Example: cat hunters

... or how to integrate groups of tasks with similar options.

This section will present a more complex use case where we have three commands: bigdog, catkiller and eagle which purpose is to find cats.

We will start by integrating bigdog to secator before realizing that most options can be mutualized between the three tools, and a common output type Cat can be created for all three.

Bigdog

Let's suppose we have a fictional utility called bigdog which purpose is to hunt cats on the internet. We want to add bigdog to secator.

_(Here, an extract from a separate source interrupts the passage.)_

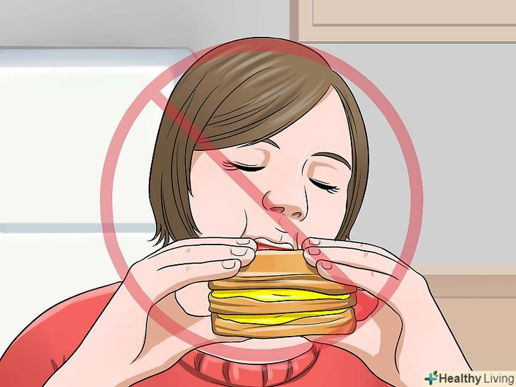 Намагайтеся не ковтати повітря.часто люди ковтають повітря, навіть не помічаючи цього. До найпоширеніших ситуацій належать такі:[22]- Занадто швидке поглинання їжі. Кращий спосіб уникнути ковтання повітря під час їжі полягає в тому, щоб їсти не поспішаючи, ретельно пережовуючи їжу. Крім того, це дасть вам можливість повною мірою насолодитися їжею.

Here are some of bigdog's options:

bigdog can be run on a single site using -site:

$ bigdog -site loadsofcats.com
   / \__
  (    @\___   =============
  /         O  BIGDOG v1.0.0
 /   (_____/   =============
/_____/
garfield [boss, 14]
tony [admin, 18]

bigdog can be run on a list of sites using -list:

$ bigdog -list sites.txt -json
   / \__
  (    @\___   =============
  /         O  BIGDOG v1.0.0
 /   (_____/   =============
/_____/
garfield [boss, 14]
romuald [minion, 5]
tony [admin, 18]

bigdog can output JSON lines using -json:

$ bigdog -site loadsofcats.com -json
   / \__
  (    @\___   =============
  /         O  BIGDOG v1.0.0
 /   (_____/   =============
/_____/
{"name": "garfield", "age": 14, "host": "loadsofcat.com", "position": "boss"}
{"name": "tony", "age": 18, "host": "loadsofcats.com", "position": "admin"}

A basic definition of bigdog using basic secator concepts will be:

secator/tasks/bigdog.py
from secator.runners import Command
from secator.decorators import task


@task
class bigdog(Command):
    cmd = 'bigdog'
    json_flag = '-json'
    input_flag = '-site'
    file_flag = '-list'

You can now run bigdog from the CLI or the library:

secator x bigdog --help
secator x bigdog loadsofcats.com
from secator.tasks import bigdog

# Get all results as a list, blocks until command has finished running
bigdog('loadsofcats.com').run()
[
    {"name": "garfield", "age": 14, "host": "loadofcats.com", "position": "boss"},
    {"name": "tony", "age": 18, "host": "loadsofcats.com", "position": "admin"}
]

# Get result items in real-time as they arrive to stdout
for cat in bigdog('loadsofcats.com'):
    print(cat['name'] + '(' + cat['age'] + ')')

# Will print
garfield (14)
tony (18)

Okay, this is a good start.

Now what if the bigdog command has some more options that you would like to integrate ?

  • -timeout allows to specify a request timeout.

  • -rate allows to specify the max requests per minute.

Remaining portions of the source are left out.